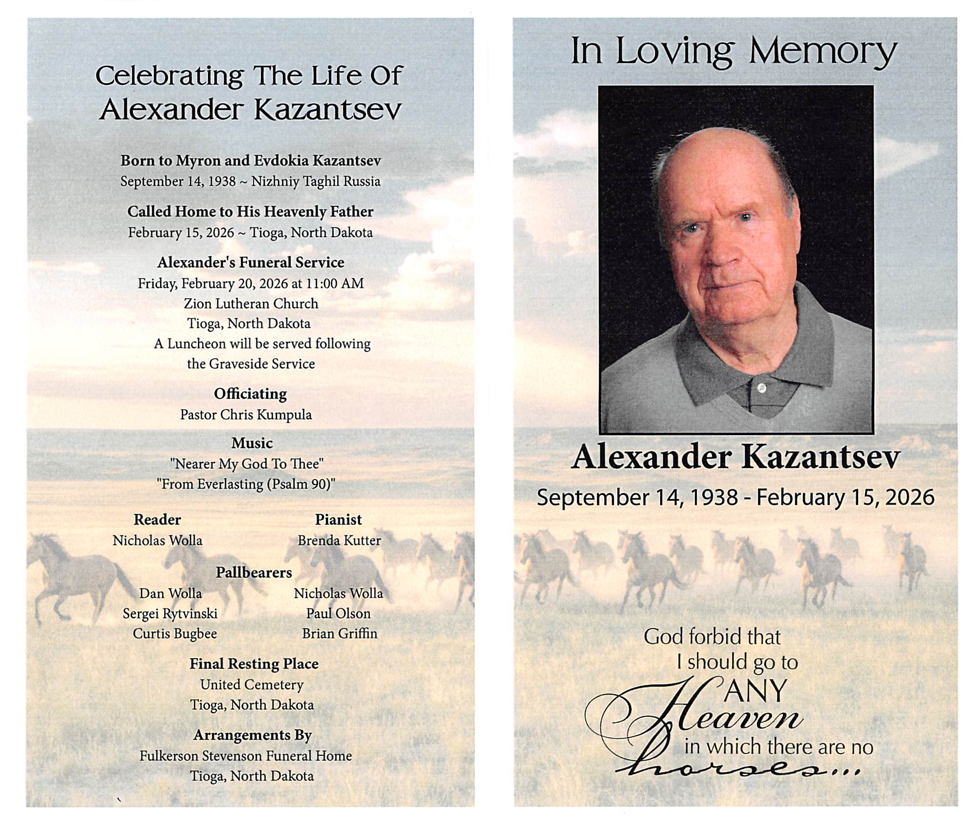 Alexander Kazantsev, 87, of Tioga, ND, passed away on Sunday, February 15, 2026 at the Tioga Long Term Care in Tioga, ND.
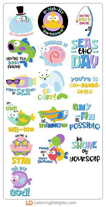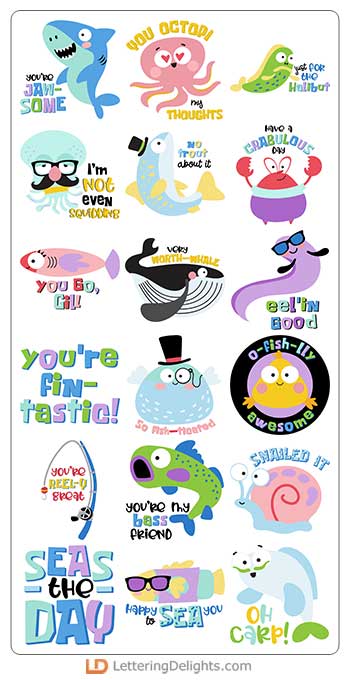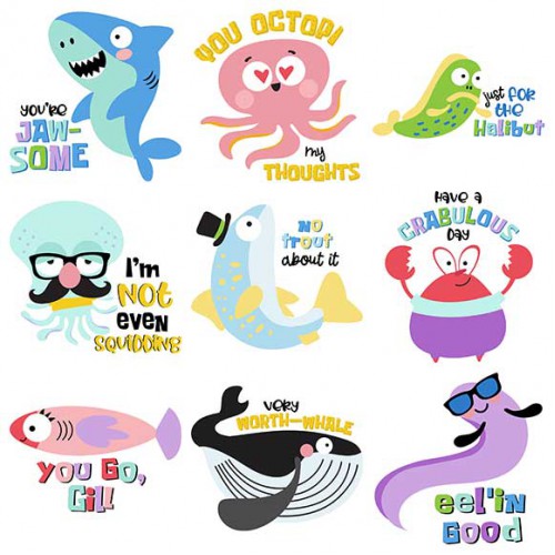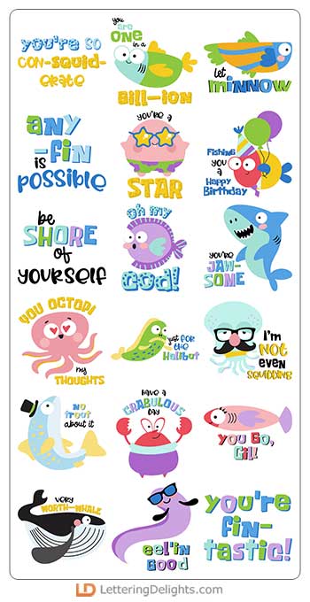 This adorable graphic set features 26 trendy ocean characters with puns that are perfect for cards, crafts, gifts, planner stickers, scrap book pages, classrooms, teachers and more!
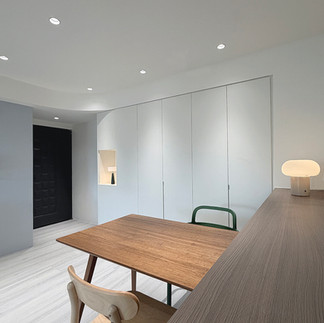 ▎玄關 x 餐廳:隱藏樑柱,營造純淨畫布空間

* [Your assignment]:
Would you retype all the material above exactly, apart from its pictures?

* [Answer for this exercise]:
 Alexander Kazantsev, 87, of Tioga, ND, passed away on Sunday, February 15, 2026 at the Tioga Long Term Care in Tioga, ND.
 This adorable graphic set features 26 trendy ocean characters with puns that are perfect for cards, crafts, gifts, planner stickers, scrap book pages, classrooms, teachers and more!
 ▎玄關 x 餐廳:隱藏樑柱,營造純淨畫布空間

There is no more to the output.